Good morning news for the environment!

I have to say I’m happy with this outcome, I think, but I don’t have the foggiest idea what was done or the mechanics of the process. I guess there was some kind of rebellion within ExxonMobil, and the good guys won.

ExxonMobil shareholders voted Wednesday to install at least two new independent directors to the company’s board, a resounding defeat for chief executive Darren Woods and a ratification of shareholders’ unhappiness with the way the company had been addressing climate change and its lagging financial performance.

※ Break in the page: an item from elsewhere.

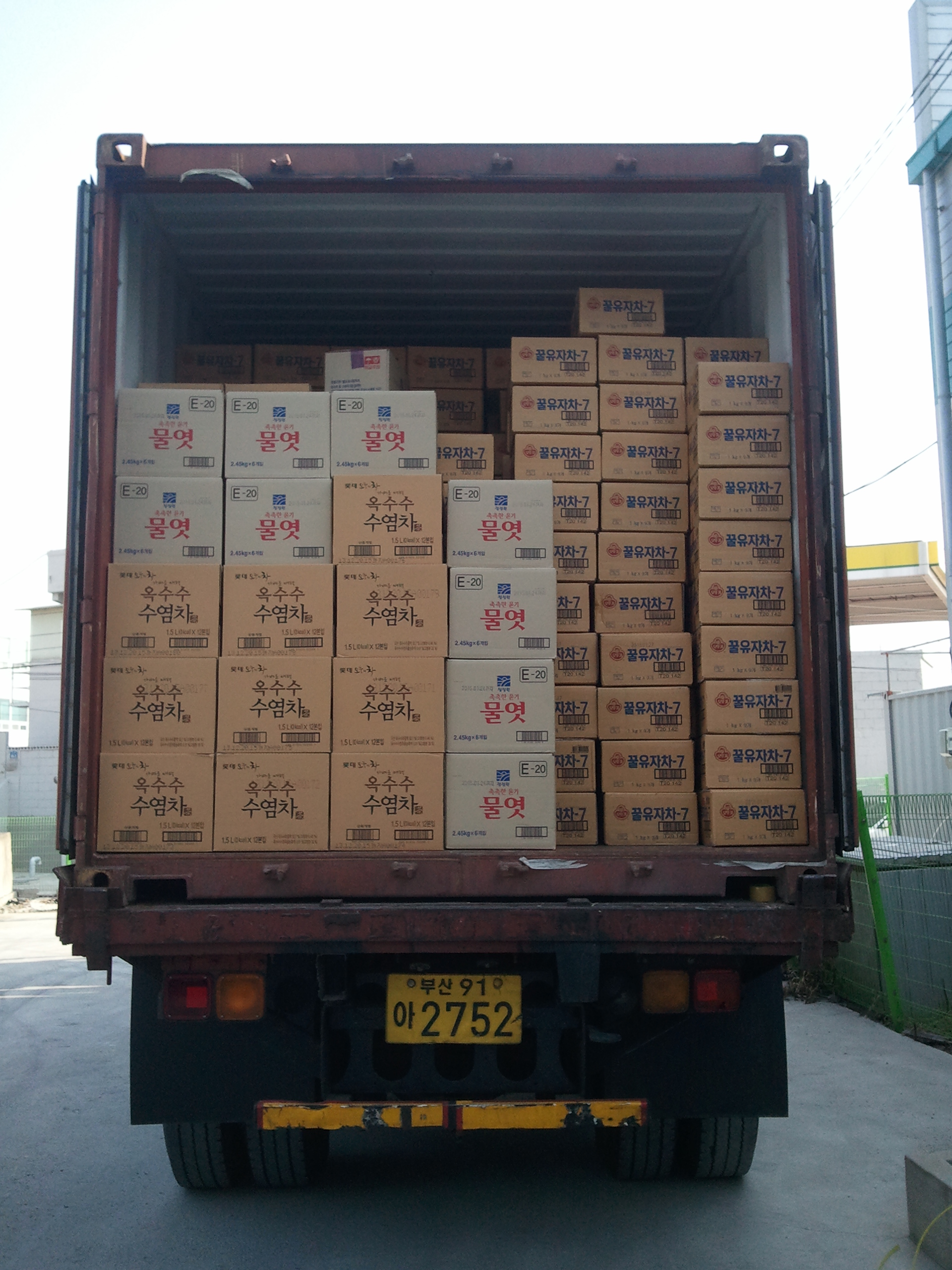 유자차,물엿,음료류 선적.

The votes were part of a day of reckoning for an oil and gas industry already struggling over how to deal with climate change. In Europe, a Dutch court ordered Royal Dutch Shell, considered one of the more forward-thinking companies in the industry, to make deeper-than-planned cuts in greenhouse gas emissions. And in the United States, Chevron lost a shareholder vote directing the company to take into account its customers’ emissions when planning reductions.

The balloting at the storied oil giant ExxonMobil “sends an unmistakable signal that climate action is a financial imperative, and leading investors know it and are demanding change,” said Fred Krupp, president of the Environmental Defense Fund. “This is a watershed moment for the oil and gas industry. It’s no longer tenable for companies like ExxonMobil to defy calls to align their businesses with decarbonizing the economy.”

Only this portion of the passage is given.